Figure 5: Confirming the new connection instance and adding it to the ct hash table

The interesting part of the code is located in function __nf_conntrack_confirm(). This code is only executed if the tracked connection belonging to this network packet (our example TCP packet) is yet “unconfirmed”. This is determined by checking the IPS_CONFIRMED_BIT bit in the status member of struct nf_conn, which is 0 at this point. In step (1) both hashes are calculated, one from the orig_tuple and another from the reply_tuple within the struct nf_conn instance⁸⁾. Then in step (2) the instance of struct nf_conn is being removed from the unconfirmed list.
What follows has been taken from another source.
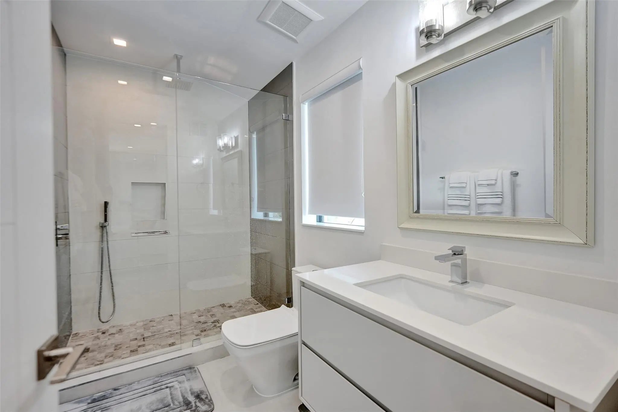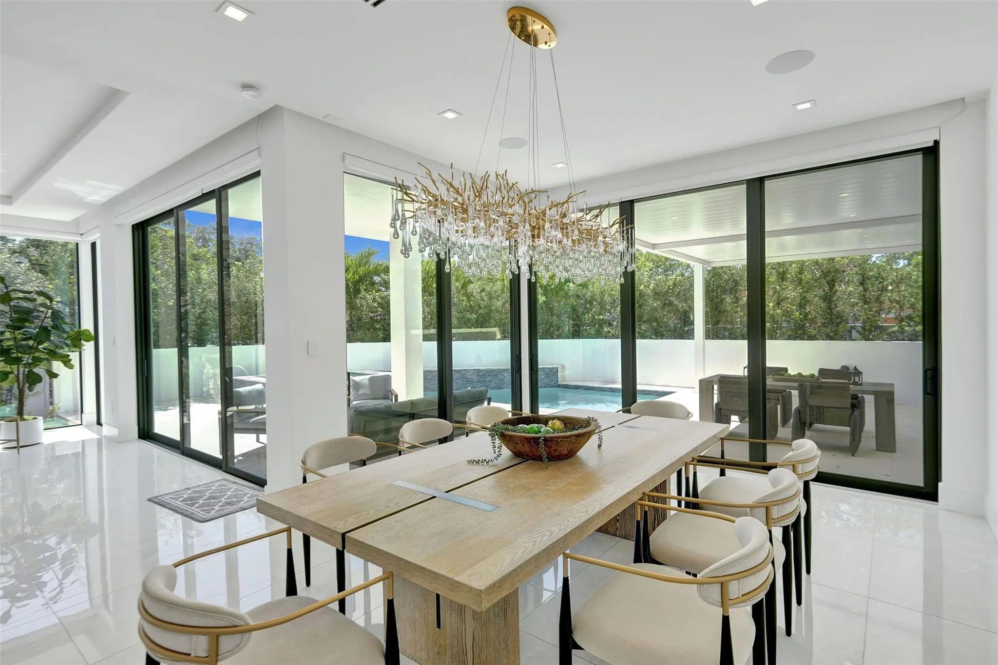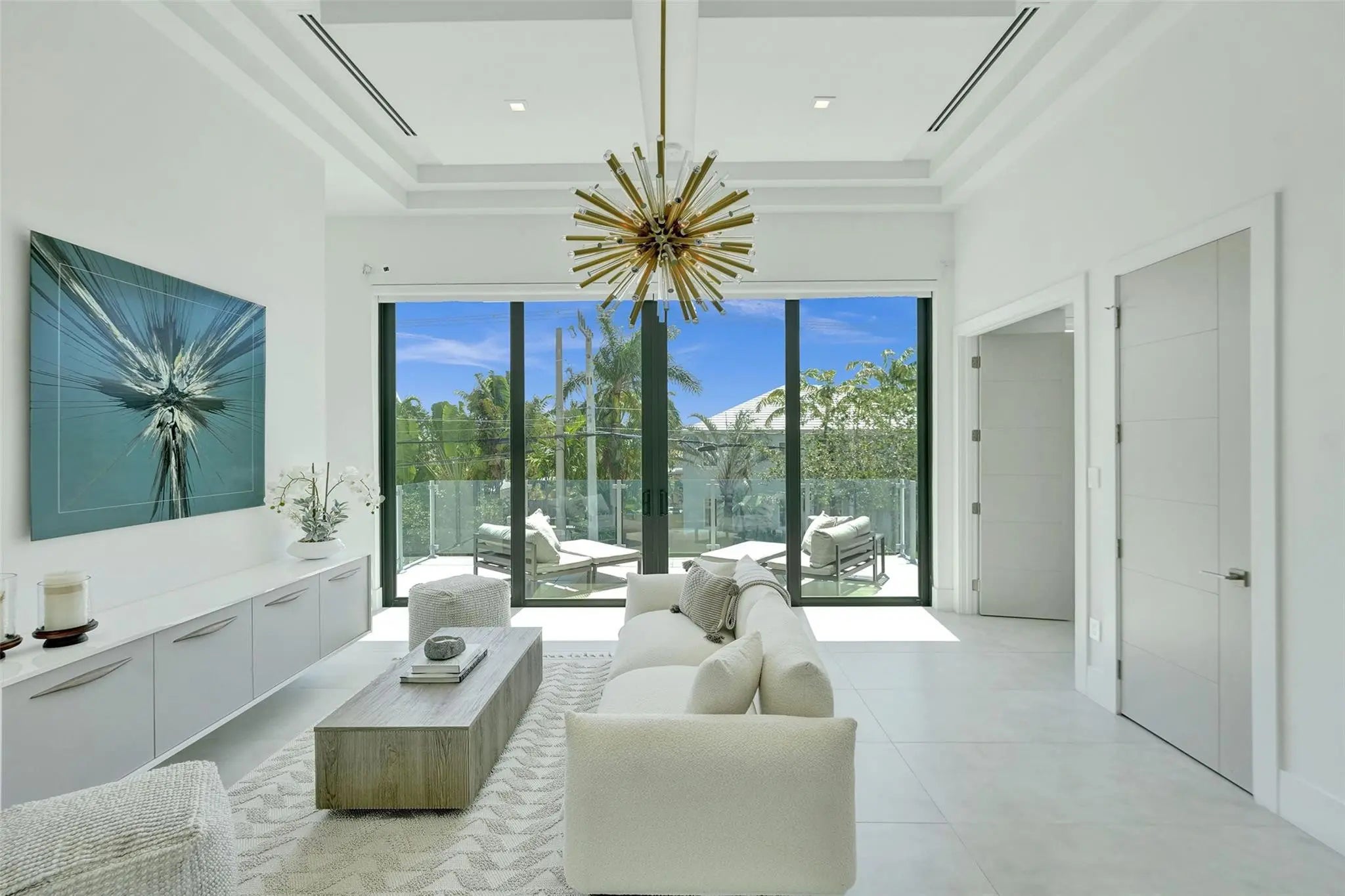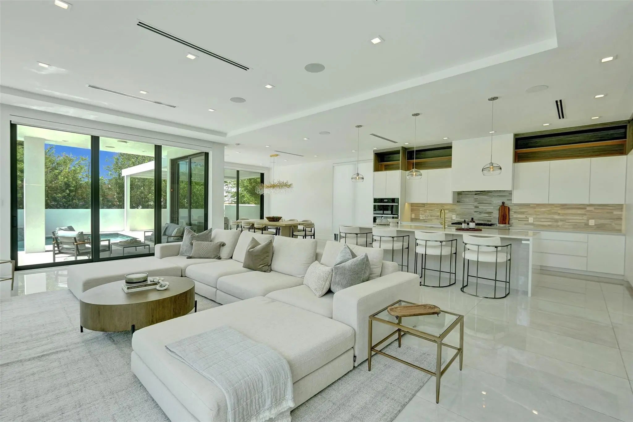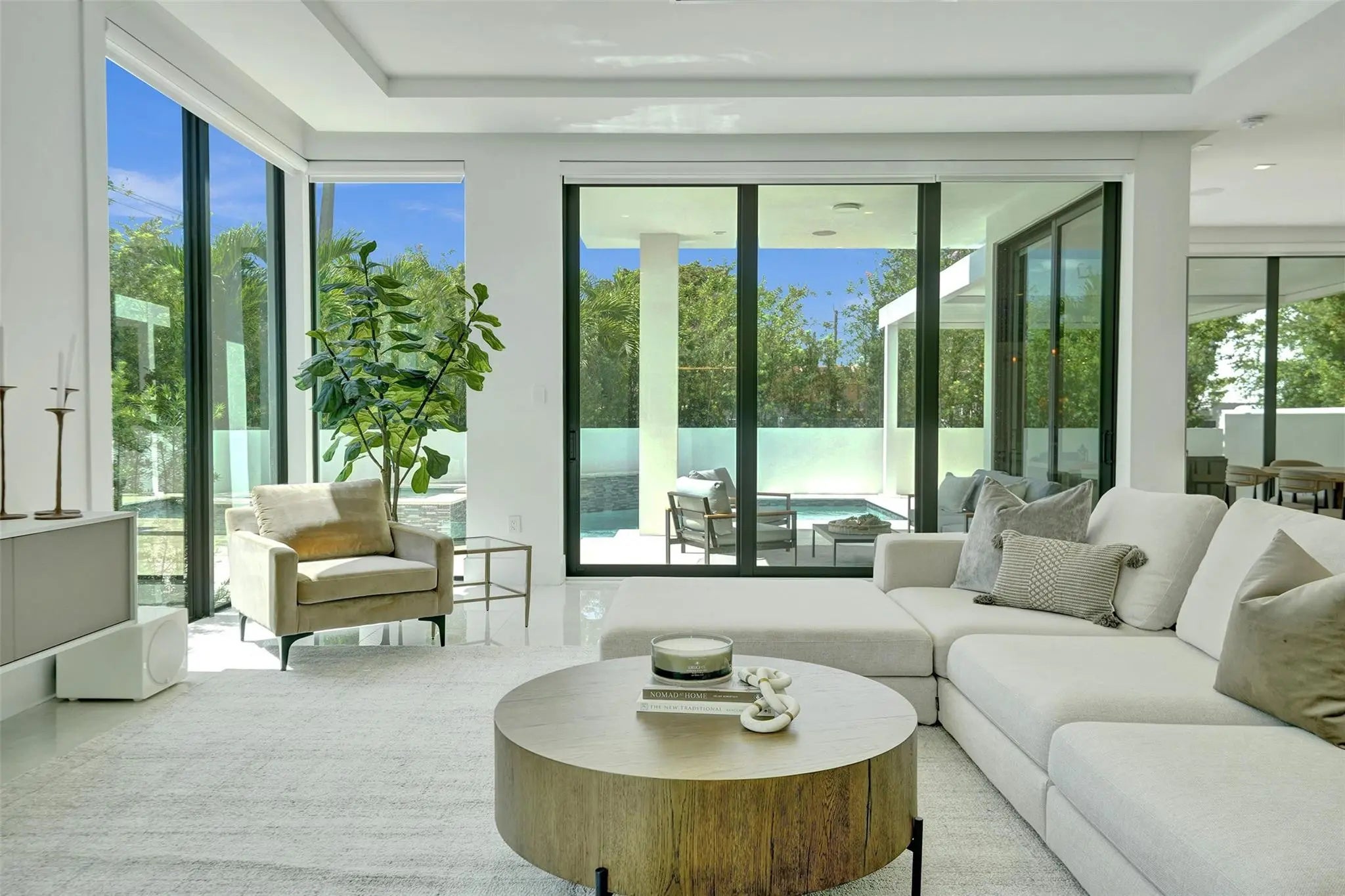 Experience the extraordinary in this elegant contemporary marvel located on a lush corner lot in charming Rio Vista. New construction home boasts over 10'5" ceilings, floor-to-ceiling high impact windows, & travertine terrace with saltwater pool & hot tub. Enjoy 3 spacious balconies, en-suite bedrooms, & an upstairs loft/living area. The primary suite features 2 walk-in closets, a rainfall shower, a soaking tub, and more! The gourmet kitchen includes top-tier Jenn-Air appliances, a 10' island, a wine fridge & more! Fully integrated with a SmartHome system, automated blinds, a security system, a mudroom, a 2 car garage, gated golf cart space, a water filtration system, a generator, astro turf dog-run & more! Just steps from parks, canals & watch club!Minutes to Airport, Las Olas, & beach.

In step (3) the IPS_CONFIRMED_BIT is set to 1 in the status member, “confirming” it. Finally in step (4) the instance is being added to the ct table. The hashes are used as array indices to locate the correct buckets. Then the struct nf_conn instance is added to the linked lists of both buckets, one time with its tuplehash[0] for the orig direction and another time with its tuplehash[1] for the reply direction.

Removing a connection

Removing a connection instance from the ct table obviously means removing it from the linked lists of both buckets where it resides within the table. This is done in function clean_from_lists(). However, this does not yet delete that particular connection instance. There is more to say about deletion. I'll get to that below.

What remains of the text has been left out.